*Action item*
Below are the records; give again exactly the line with "JCB SD 40 Axle Service Manual 9803/9210", the line with "November 24 | |", and each line that lies between them, and nothing besides.

*Records for the task*

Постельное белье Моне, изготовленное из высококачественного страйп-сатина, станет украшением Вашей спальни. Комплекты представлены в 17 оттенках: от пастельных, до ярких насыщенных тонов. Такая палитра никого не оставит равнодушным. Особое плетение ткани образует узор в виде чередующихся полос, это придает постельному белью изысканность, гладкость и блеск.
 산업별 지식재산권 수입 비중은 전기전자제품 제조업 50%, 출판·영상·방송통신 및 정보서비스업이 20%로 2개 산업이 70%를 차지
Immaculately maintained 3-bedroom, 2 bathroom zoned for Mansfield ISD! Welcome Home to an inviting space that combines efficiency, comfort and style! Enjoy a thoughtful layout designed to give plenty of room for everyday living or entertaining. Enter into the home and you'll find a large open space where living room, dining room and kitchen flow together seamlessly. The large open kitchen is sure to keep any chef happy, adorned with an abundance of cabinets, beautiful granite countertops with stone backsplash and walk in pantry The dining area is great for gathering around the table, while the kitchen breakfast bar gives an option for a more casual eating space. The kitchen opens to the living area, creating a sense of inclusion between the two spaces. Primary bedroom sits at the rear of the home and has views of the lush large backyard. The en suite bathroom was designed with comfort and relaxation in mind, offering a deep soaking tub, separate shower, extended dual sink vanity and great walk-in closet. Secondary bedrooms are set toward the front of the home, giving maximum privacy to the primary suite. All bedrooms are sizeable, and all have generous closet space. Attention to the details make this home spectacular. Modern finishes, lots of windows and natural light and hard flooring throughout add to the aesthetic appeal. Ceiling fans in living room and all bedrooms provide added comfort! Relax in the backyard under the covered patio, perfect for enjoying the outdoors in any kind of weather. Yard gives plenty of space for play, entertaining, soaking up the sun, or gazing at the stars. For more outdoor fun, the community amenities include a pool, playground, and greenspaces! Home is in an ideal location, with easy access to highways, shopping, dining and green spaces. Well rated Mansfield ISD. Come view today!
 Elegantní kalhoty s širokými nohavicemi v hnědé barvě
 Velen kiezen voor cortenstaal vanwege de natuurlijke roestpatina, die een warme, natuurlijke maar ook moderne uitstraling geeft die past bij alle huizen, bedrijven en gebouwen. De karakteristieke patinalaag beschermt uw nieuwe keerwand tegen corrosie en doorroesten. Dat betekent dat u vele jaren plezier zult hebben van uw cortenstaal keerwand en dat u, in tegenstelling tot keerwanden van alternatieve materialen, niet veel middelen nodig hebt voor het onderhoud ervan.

--

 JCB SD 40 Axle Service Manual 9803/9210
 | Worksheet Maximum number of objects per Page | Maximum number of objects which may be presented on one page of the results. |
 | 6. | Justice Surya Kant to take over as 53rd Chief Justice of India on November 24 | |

--

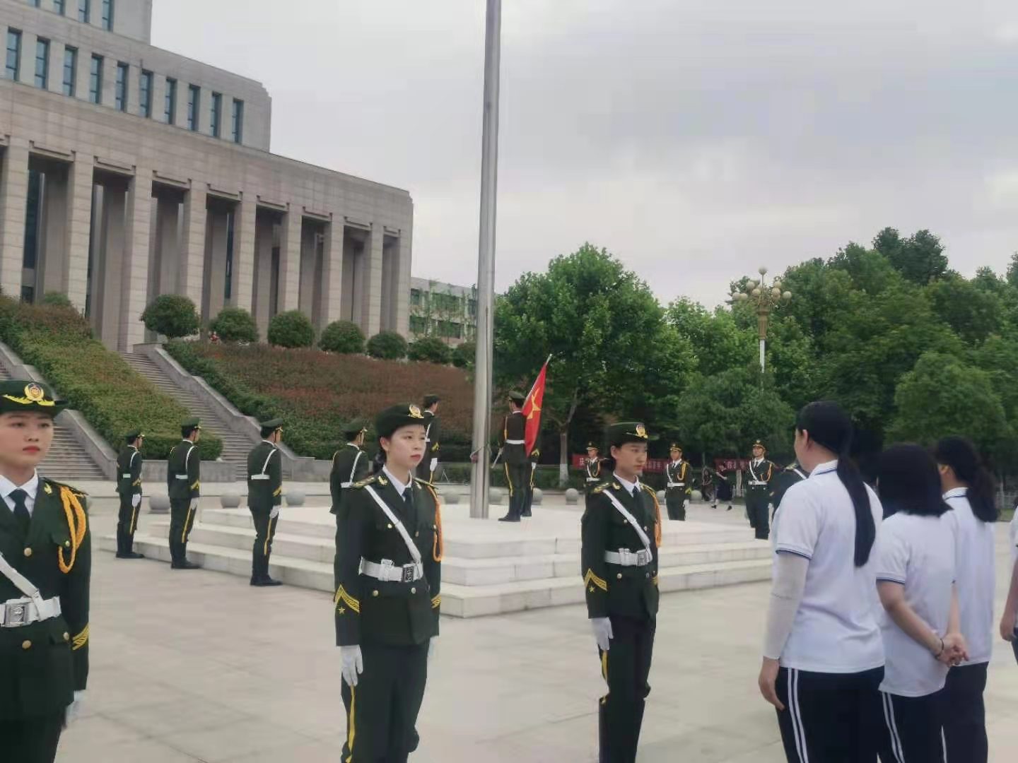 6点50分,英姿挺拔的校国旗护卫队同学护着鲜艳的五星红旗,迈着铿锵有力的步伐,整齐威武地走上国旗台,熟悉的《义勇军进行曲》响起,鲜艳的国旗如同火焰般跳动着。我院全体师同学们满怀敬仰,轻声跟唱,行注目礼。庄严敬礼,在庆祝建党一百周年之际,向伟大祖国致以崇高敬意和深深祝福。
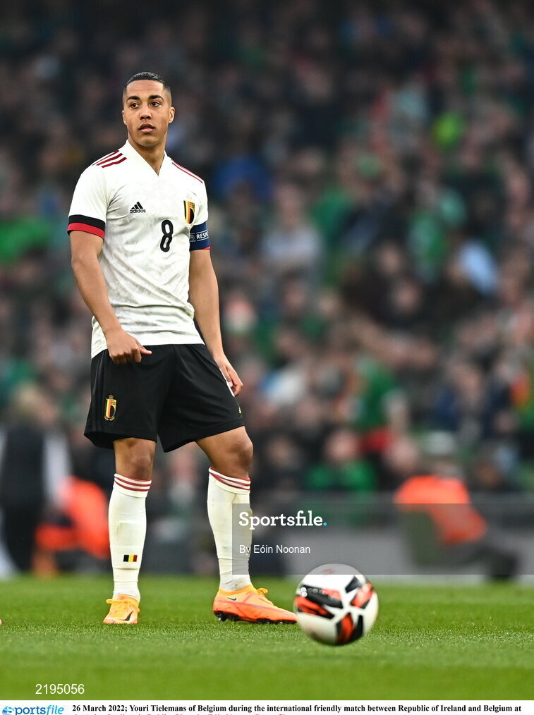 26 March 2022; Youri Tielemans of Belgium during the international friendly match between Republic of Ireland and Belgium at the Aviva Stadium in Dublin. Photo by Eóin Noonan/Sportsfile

*Reply*
 JCB SD 40 Axle Service Manual 9803/9210
 | Worksheet Maximum number of objects per Page | Maximum number of objects which may be presented on one page of the results. |
 | 6. | Justice Surya Kant to take over as 53rd Chief Justice of India on November 24 | |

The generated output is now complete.